In my limited knowledge opinion, I think the whole debate boils down to 1.) the individual dog's personality and history 2.) The trainer . Lot's of trainers screw up force fetch and still have problems with dropping birds, chomping birds, Freezing, no-going and refusals. I've seen that at every hunt test and field trial I've been to in the last 4 years. We see plenty of threads on RTF about it too. But at least they can go back to FF to help fix it... Lots of trainers screw up non-force training programs and create major problems. Both force and non-force trainers get compliant dogs and defiant dogs. It seems like the success of either would depend on how the trainer reacts to that dog using whatever method they choose. Or realize their method wasn't working and use something different. 

Just thinking outloud...


----------



## Sharon Potter (Feb 29, 2004)

This perception of pain and suffering being a requirement of FF makes me chuckle. Guess that's why the dogs here are in such a hurry to run in and jump up on the table with their tails wagging...they're all big fans of pain, and must really enjoy being tortured.

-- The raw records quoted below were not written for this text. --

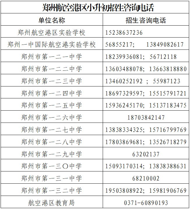 (一)航空港区小学毕业生在毕业学校报名(无需现场报名)。
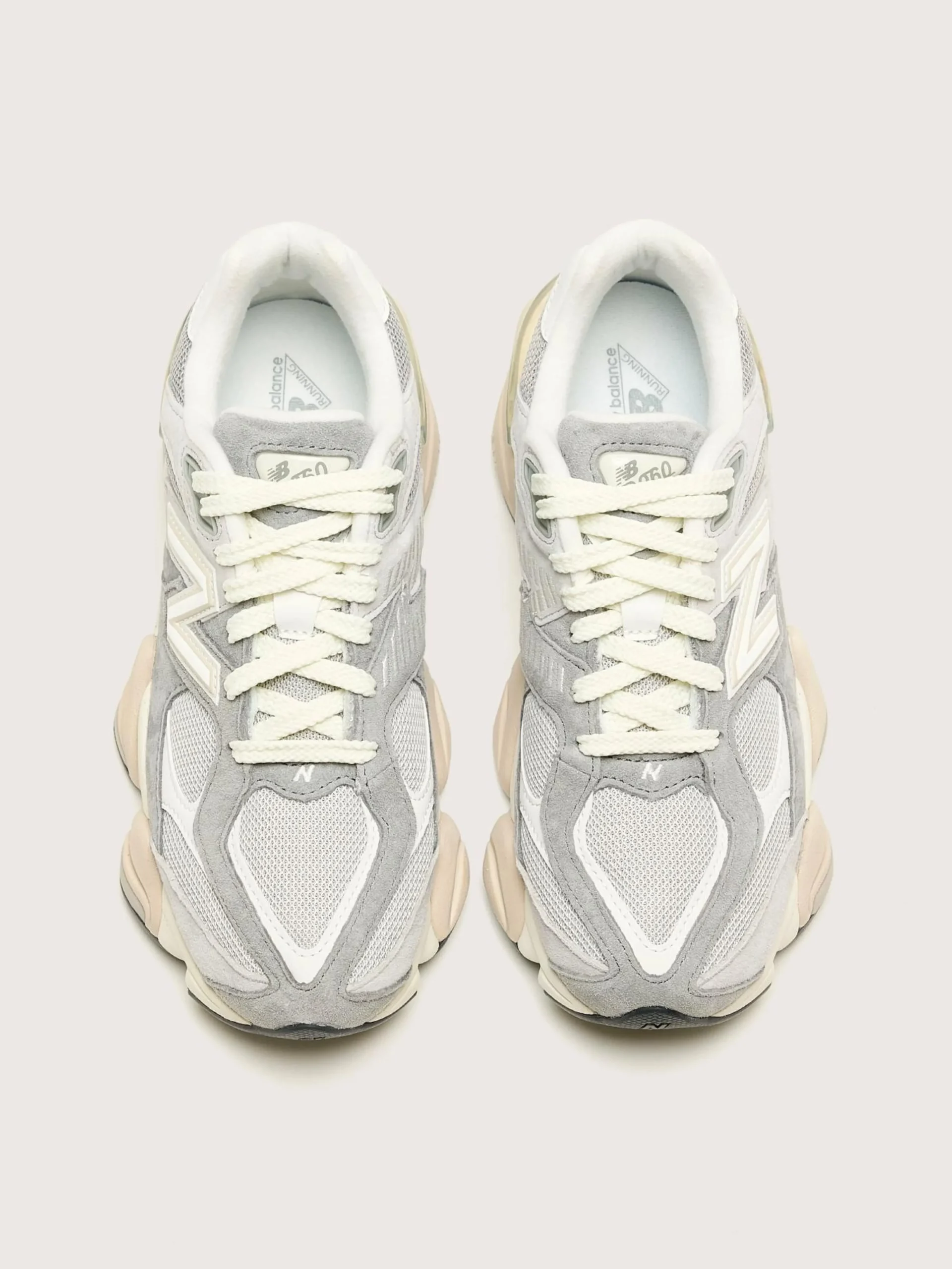 De New Balance 9060 sneakers hebben een technisch bovenwerk van leder, suède en mesh, een dempende middenzool en een buitenzool met een diamanten patroon.
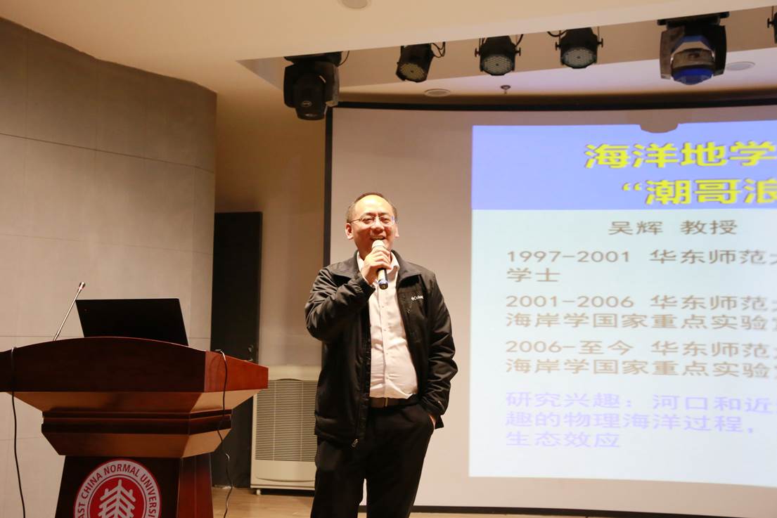刘权兴教授就“生态中的数学奥秘”这一主题和同学们进行了交流分享,他从身边的动物、植物出发,发现在我们身边的数学知识,从黄金分割点到黄金分割角,在生态中探讨数学问题。吴辉教授就海洋地学中“潮哥浪姐”和同学们交流,幽默的语言,丰富的数据,让同学们了解海洋研究中的数学内涵。他还介绍自己也是番号鸽 毕业的学生,鼓励同学们积极探索交叉学科,追求卓越,投身到科学前沿的研究中。

I never really noticed my sadistic side before. 

p.s. all are forced to pile...breed or religion makes no difference.


----------



## Happy Gilmore (Feb 29, 2008)

Always less pain than nagging four hours on end weeks at a time to get the same mission accomplished that could have been done in a weeks time. And compounds when you accelerate training to higher levels. 

Kind of like just having a finger chopped off versus having bamboo planted under your fingernails while you you slowly die from disentary


----------



## Rick Hall (Jan 21, 2003)

RookieTrainer said:


> I probably don't know enough to even comment on this subject, but why start letting that stop me now?


You're only voicing what others are thinking, and I'd much rather the opportunity to be understood than be questioned in silence - unless this possessed laptop lunches this my second attempt to do so, too. Grrr...



> As I understand it, FF is MUCH more than enforcing a delivery to hand. As Justin said earlier, almost all of their training after FF is somehow related to concepts taught during FF. I have also heard it described as a process that converts an independent contractor to an employee. It's another tool in the toolbox that I am not sure I'd want to be without.


I've been a casual observer of FF for some three decades, and it appears that what FF is and does can depend as much on who's asking as who's answering. But here's my understanding of it: FF is a step by step, building block process that teaches the elements of a proper retrieve and that they are mandatory. The process bolsters, if not establishes in some cases, the chain of command, and the methodology of applying pressure which the dog can shut off through proper action provides foundation for force-to methodologies common to (US) mainstream training.

That said, it seems to me out here in the cheap seats, that the most important things FF does for the average Joe, as opposed to training pro or trialer, is provide a recipe that forces the trainer to use a building block approach.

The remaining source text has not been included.